Знакомство с дамами, которых принято называть comme il faut, побудило меня еще больше обращать внимание на свою внешность и заботиться об элегантности моего наряда, чем настоятель и моя бабушка были очень недовольны. Однажды, отозвав меня в сторону, настоятель со сладкой улыбкой сказал мне, что в пути, который я себе выбрал, больше заботятся о том, чтобы Богу нравилась душа, я не миру — внешность. Он нашел мои волосы чересчур ухоженными, а помаду чересчур пахучей. Он сказал, что демон ухватит меня когда-нибудь за мои длинные волосы, о которых я так пекусь, и закончил цитатой из канонического устава: «Анафема клирику, который отращивает волосы». В ответ я привел в пример сотни надушенных аббатиков, которым никто не грозит лишением сана, хотя на их туалет уходит пудры вчетверо больше, что они употребляют помаду из амбры, от которой женщины млеют и падают в обморок, а моей жасминовой довольны все, с кем я встречаюсь в обществе. Закончил я сожалением, что вызвал его неудовольствие, но если бы я не следил за собой, не был бы опрятным, я походил бы на нищенствующего капуцина, а не на аббата.

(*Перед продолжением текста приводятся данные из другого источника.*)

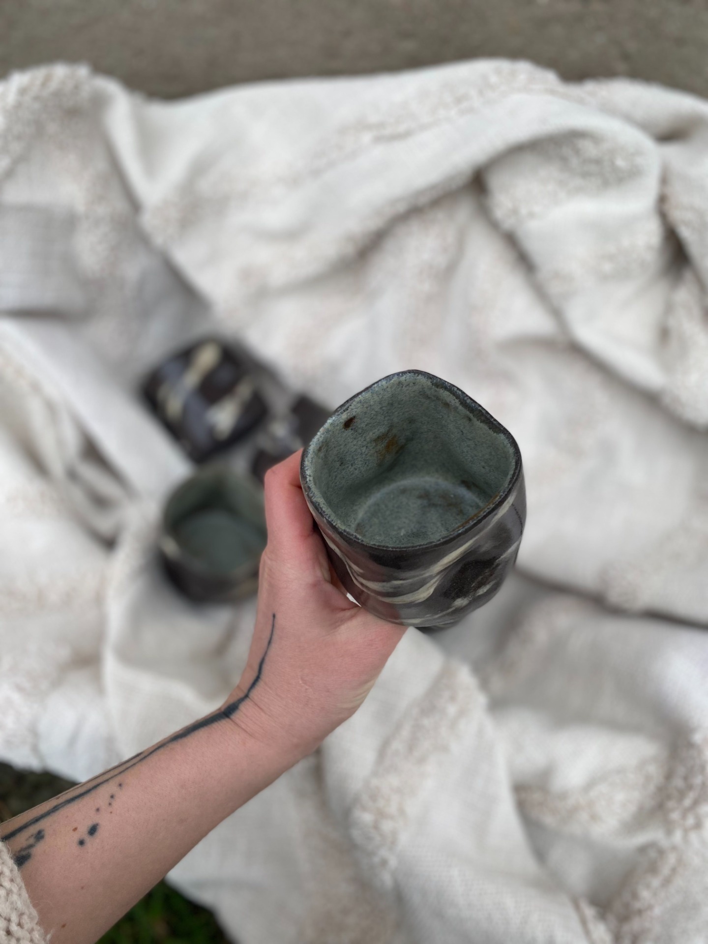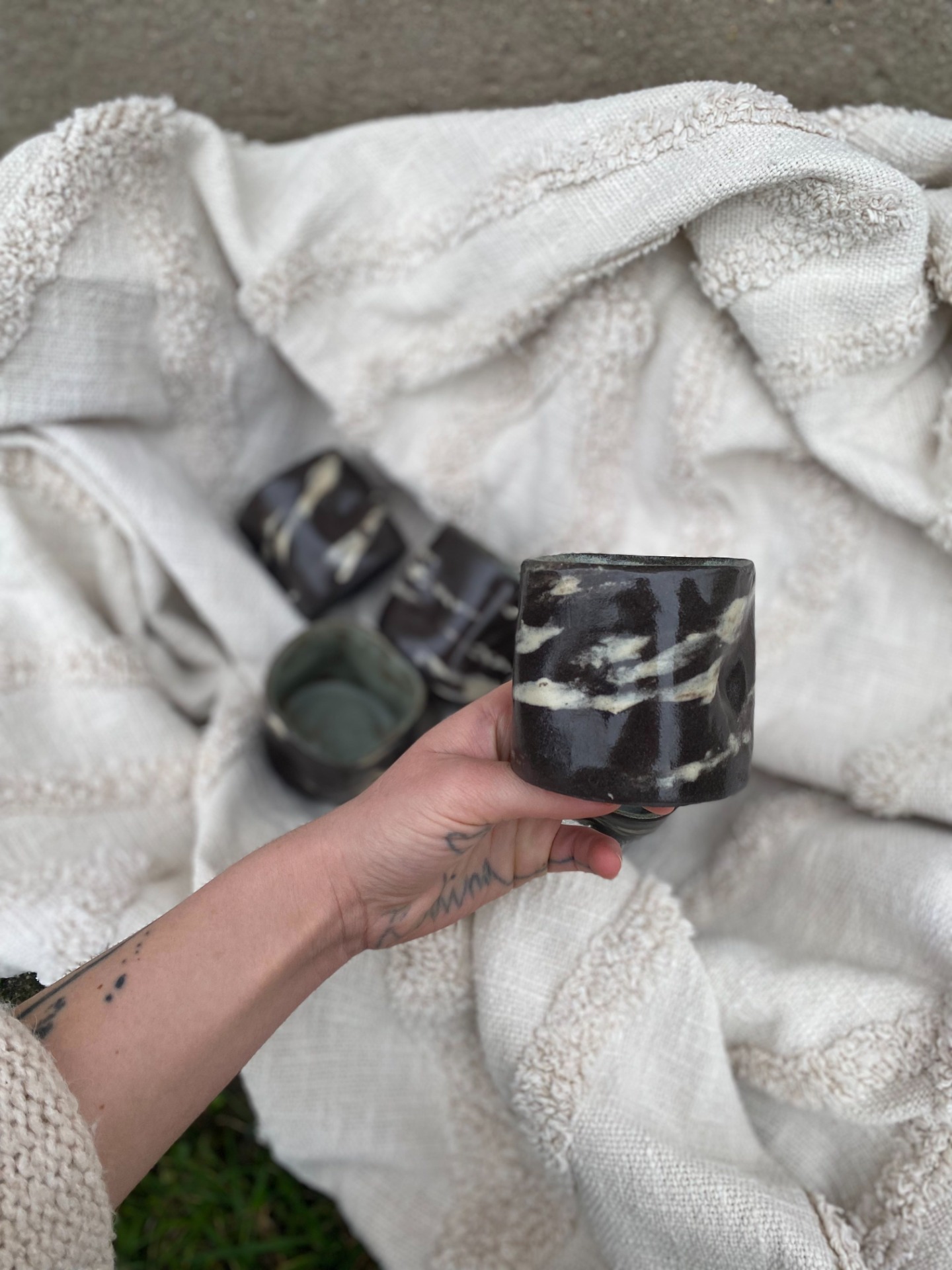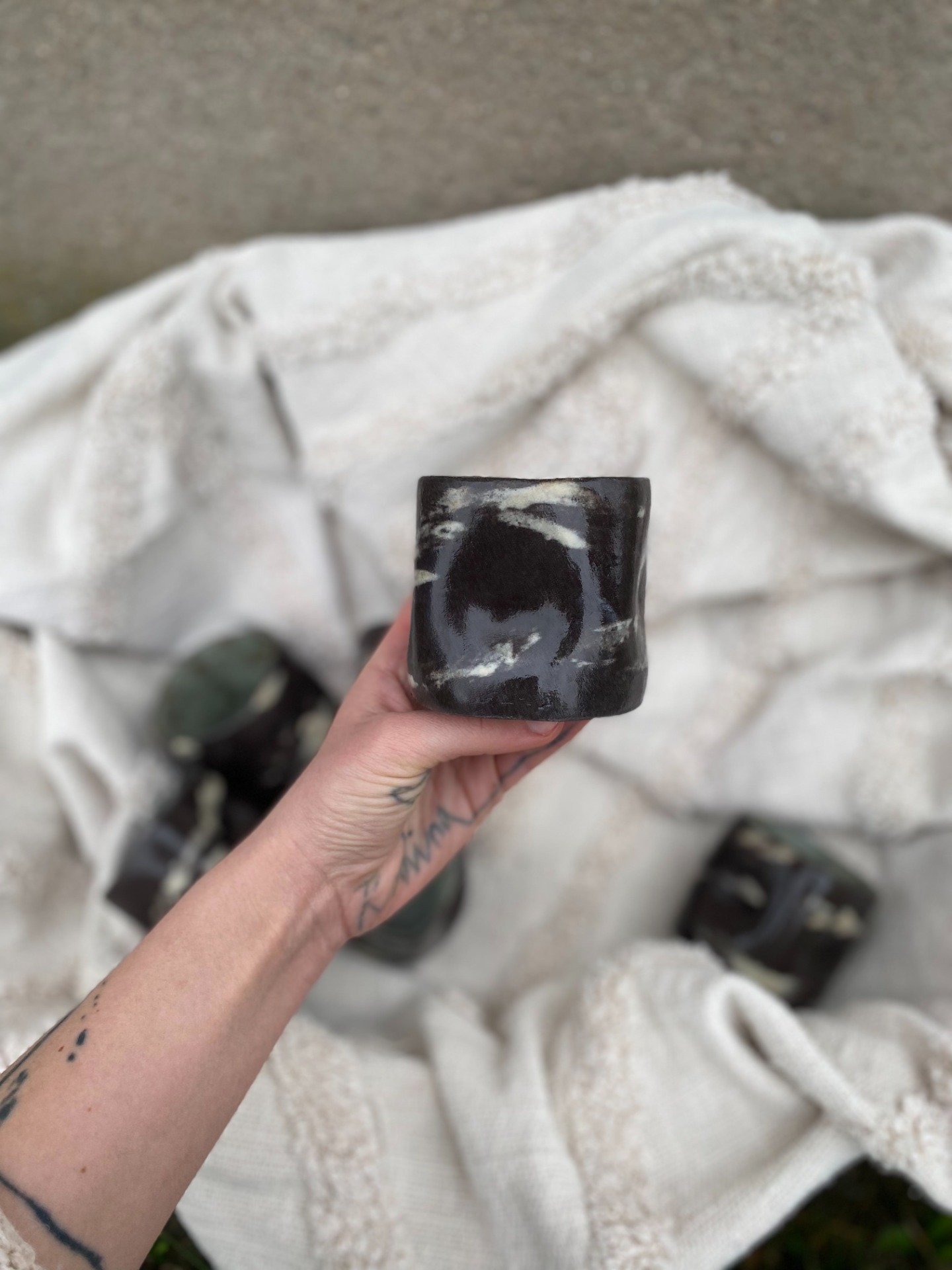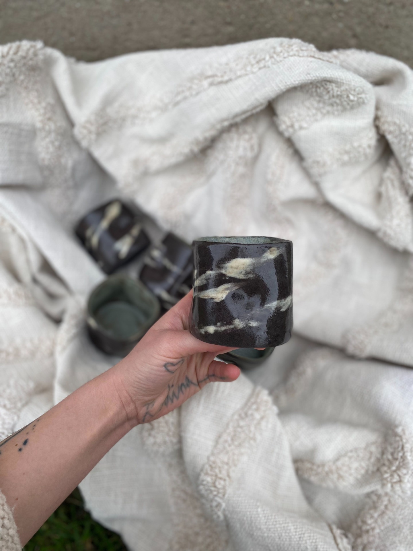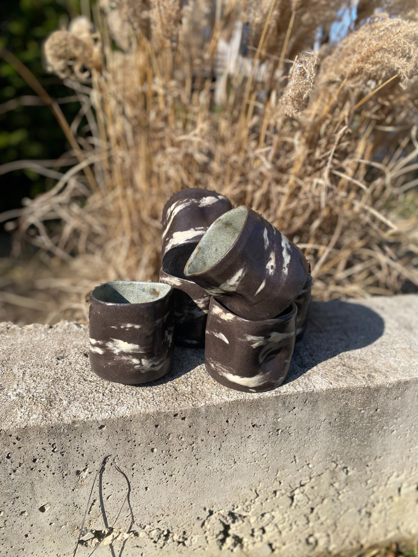 Kalíšky mají promačkaný tvar a jsou tak netradičně příjemné do ruky. Žíhaným vzhledem se odlišují od ostatních a je tak každý úplný originál - nenajdete dva stejné kusy.
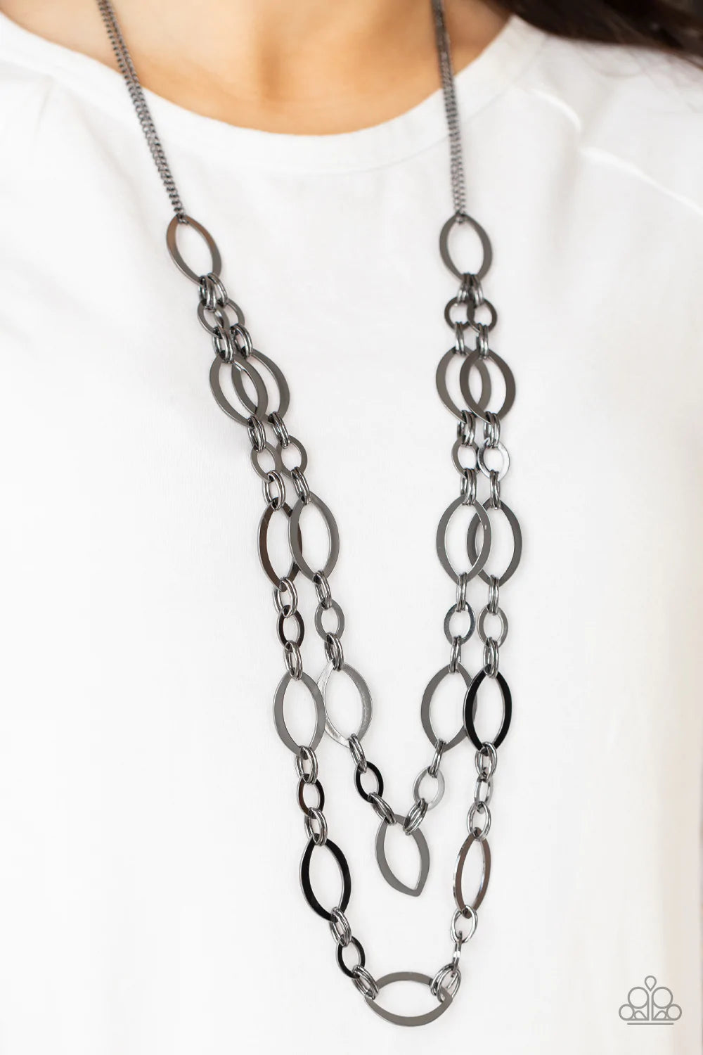 Stunning gunmetal ellipses link together for two layers of bold, basic drama. The layers hang from a simple gunmetal chain adding balance to the scene. Features an adjustable clasp closure.
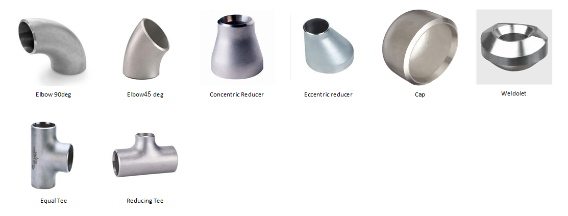 Butt weld fittings are available as elbows, tees, caps, reduces and out lets (olets). These fittings are the most common type of welded pipe fitting and are specified by nominal pipe size and pipe schedule. Buttweld fittings use seamless or welded pipe as the starting material and are formed (through multiple processes. Just as the pipe is sold from Schedule 10 to Schedule. 160
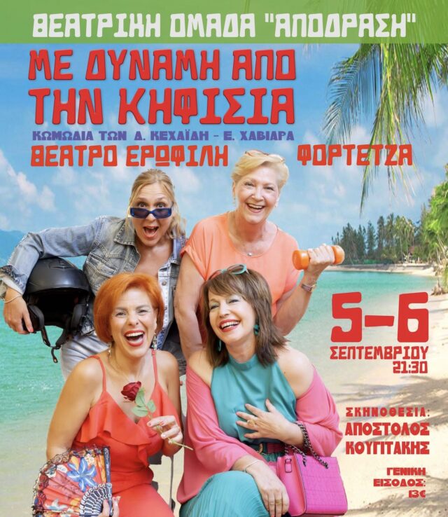 Η θεατρική ομάδα «Απόδραση» του Πολιτιστικού Συλλόγου Ρεθύμνου παρουσιάζει το διήμερο 5-6 Σεπτεμβρίου στο θέατρο Ερωφίλη στη Φορτέτσα, την ξεκαρδιστική κωμωδία των Δημήτρη Κεχαΐδη – Ελένης Χαβιαρά, «Με δύναμη απ’ την Κηφισιά».
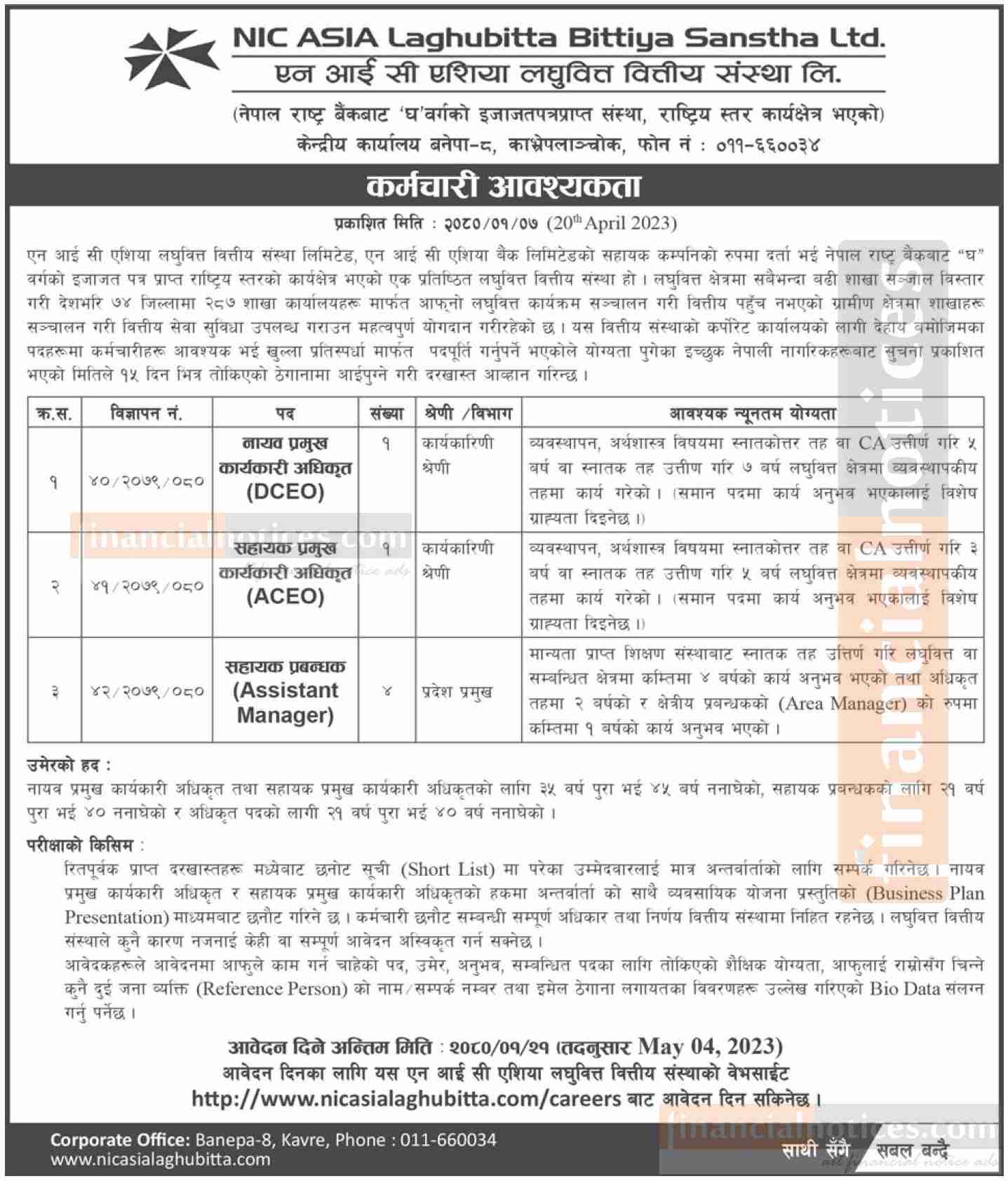 एन आई सी एशिया लघुवित्तमा कर्मचारी आवश्यकता

…Пребывая в таком умонастроении, я получил в начале осени письмо от графини Монреали. Она приглашала меня провести несколько дней в ее* поместье Пасеан*. У нее должна была собраться блестящая компания, в числе которой была и ее дочь, только начавшая появляться в обществе. Она отличалась красотой и умом, и таким прекрасным глазом, что его красота вполне компенсировала отсутствие второго. Я принял это приглашение и провел в Пасеане время, о котором вспоминаю и сейчас с большим удовольствием.
…Вернувшись в Венецию, я возобновил свои ухаживания за Анжелой (племянницей моего настоятеля), которые я начал несколькими неделями раньше.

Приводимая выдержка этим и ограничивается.